Exercise description:
Exactly and only the lines from the one with "The room is big" through the last line of the records need to be set down; please skip the pictures.

(Saved entries)

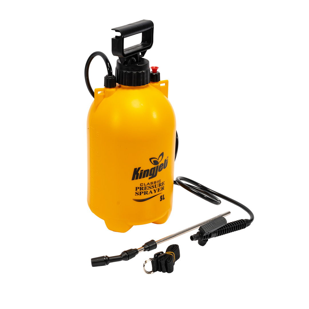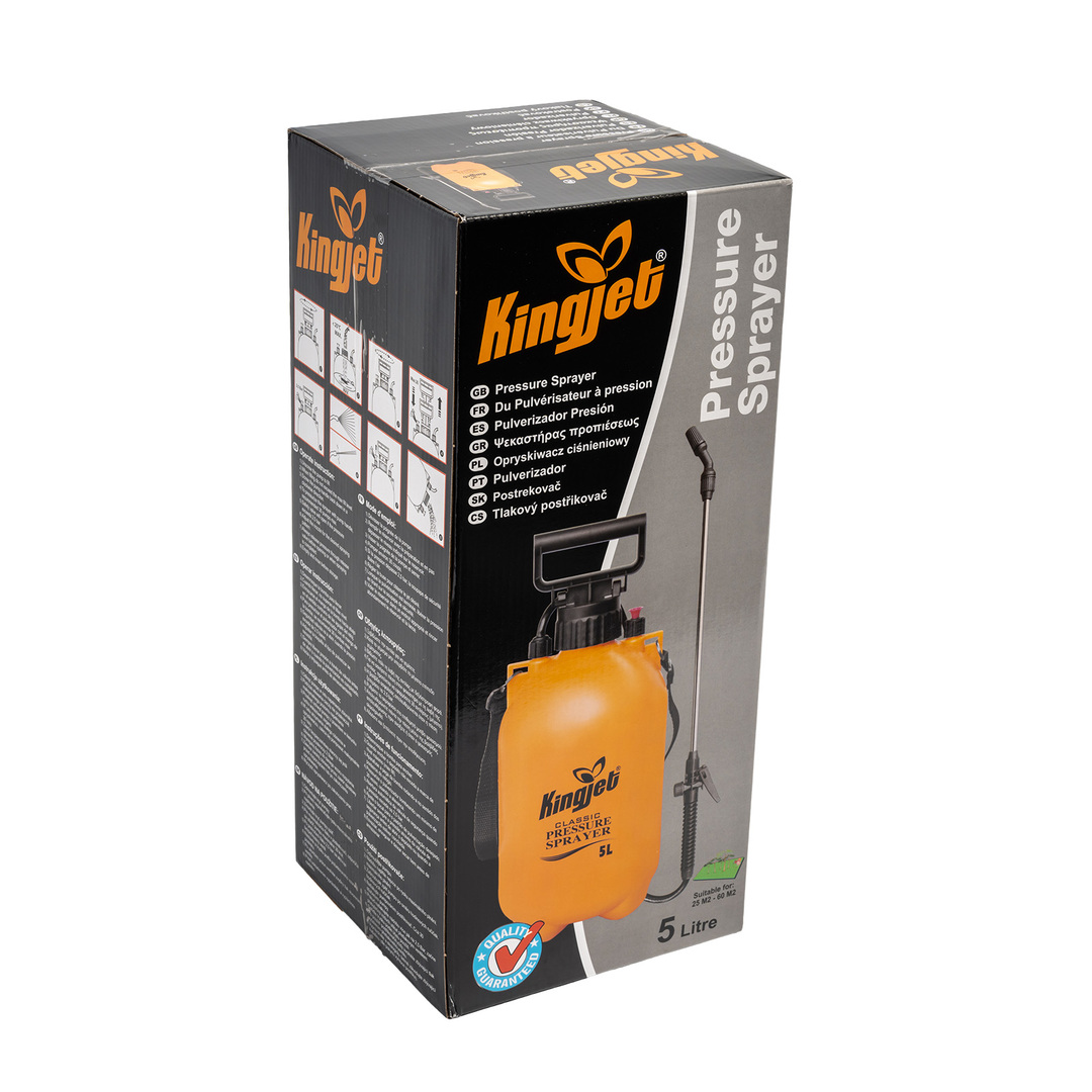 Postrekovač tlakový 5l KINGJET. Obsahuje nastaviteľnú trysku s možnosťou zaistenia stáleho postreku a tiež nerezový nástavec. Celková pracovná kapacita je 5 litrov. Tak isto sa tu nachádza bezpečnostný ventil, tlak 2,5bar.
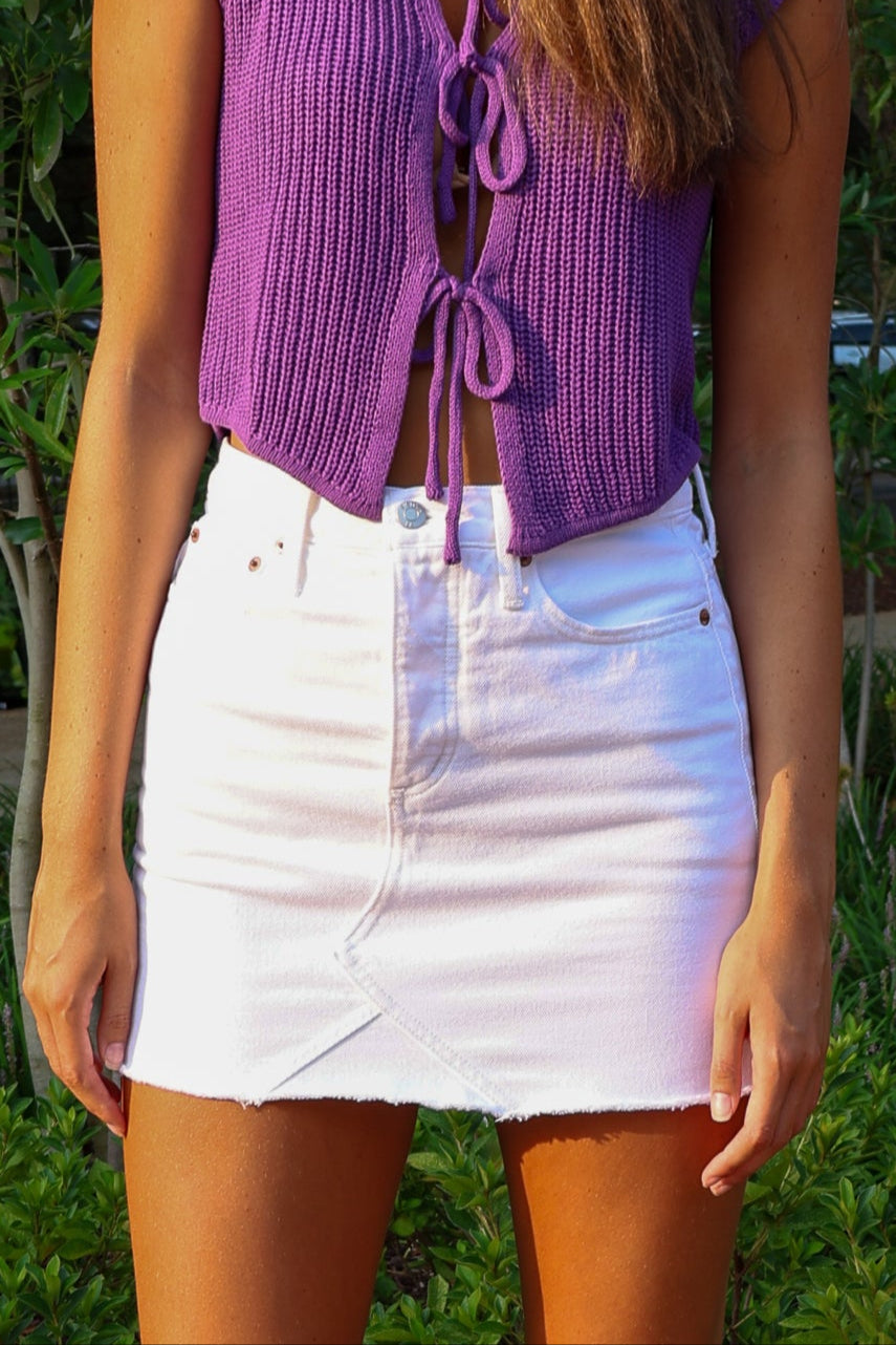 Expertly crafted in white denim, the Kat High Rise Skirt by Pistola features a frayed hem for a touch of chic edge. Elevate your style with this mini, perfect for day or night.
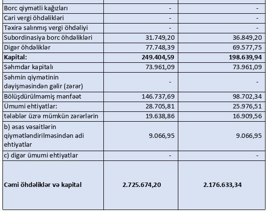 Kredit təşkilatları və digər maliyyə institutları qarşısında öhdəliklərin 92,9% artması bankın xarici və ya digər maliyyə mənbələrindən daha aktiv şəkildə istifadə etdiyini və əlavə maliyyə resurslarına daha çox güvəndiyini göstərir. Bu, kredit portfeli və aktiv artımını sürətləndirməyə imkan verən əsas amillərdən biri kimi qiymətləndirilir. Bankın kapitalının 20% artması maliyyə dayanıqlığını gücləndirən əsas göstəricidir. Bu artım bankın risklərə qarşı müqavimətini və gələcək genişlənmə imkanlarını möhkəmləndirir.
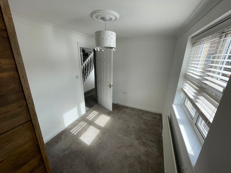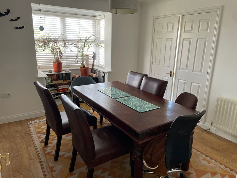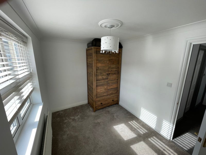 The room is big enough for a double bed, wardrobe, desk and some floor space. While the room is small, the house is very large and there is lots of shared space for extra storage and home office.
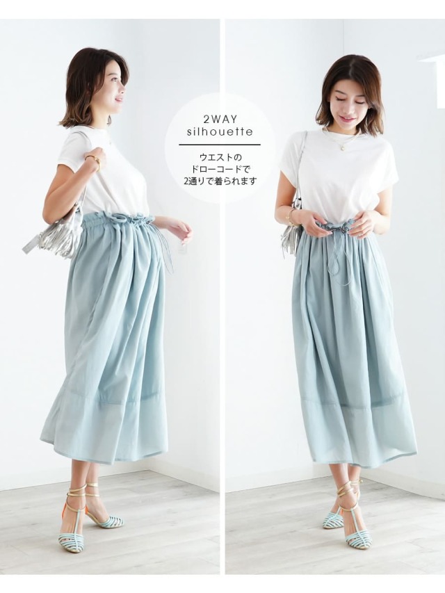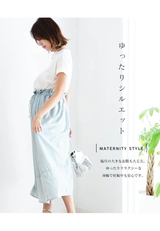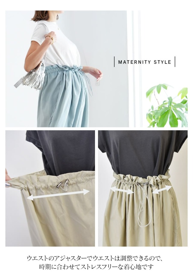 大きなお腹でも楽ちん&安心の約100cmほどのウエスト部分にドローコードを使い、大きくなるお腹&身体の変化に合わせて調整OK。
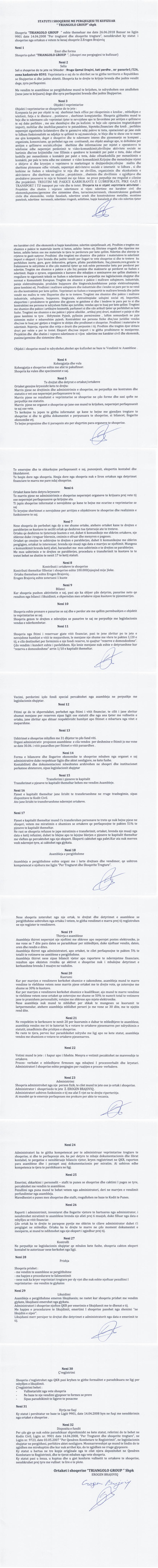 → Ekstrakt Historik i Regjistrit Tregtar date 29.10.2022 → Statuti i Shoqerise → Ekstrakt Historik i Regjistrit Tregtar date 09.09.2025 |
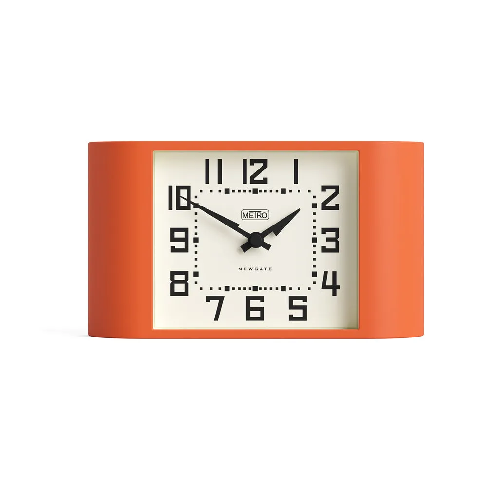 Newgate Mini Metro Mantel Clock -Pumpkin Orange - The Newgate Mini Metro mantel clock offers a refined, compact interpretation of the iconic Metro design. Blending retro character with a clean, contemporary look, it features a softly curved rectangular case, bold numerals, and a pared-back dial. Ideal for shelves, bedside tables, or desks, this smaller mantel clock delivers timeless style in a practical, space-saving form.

Solution:
 The room is big enough for a double bed, wardrobe, desk and some floor space. While the room is small, the house is very large and there is lots of shared space for extra storage and home office.
 大きなお腹でも楽ちん&安心の約100cmほどのウエスト部分にドローコードを使い、大きくなるお腹&身体の変化に合わせて調整OK。
 → Ekstrakt Historik i Regjistrit Tregtar date 29.10.2022 → Statuti i Shoqerise → Ekstrakt Historik i Regjistrit Tregtar date 09.09.2025 |
 Newgate Mini Metro Mantel Clock -Pumpkin Orange - The Newgate Mini Metro mantel clock offers a refined, compact interpretation of the iconic Metro design. Blending retro character with a clean, contemporary look, it features a softly curved rectangular case, bold numerals, and a pared-back dial. Ideal for shelves, bedside tables, or desks, this smaller mantel clock delivers timeless style in a practical, space-saving form.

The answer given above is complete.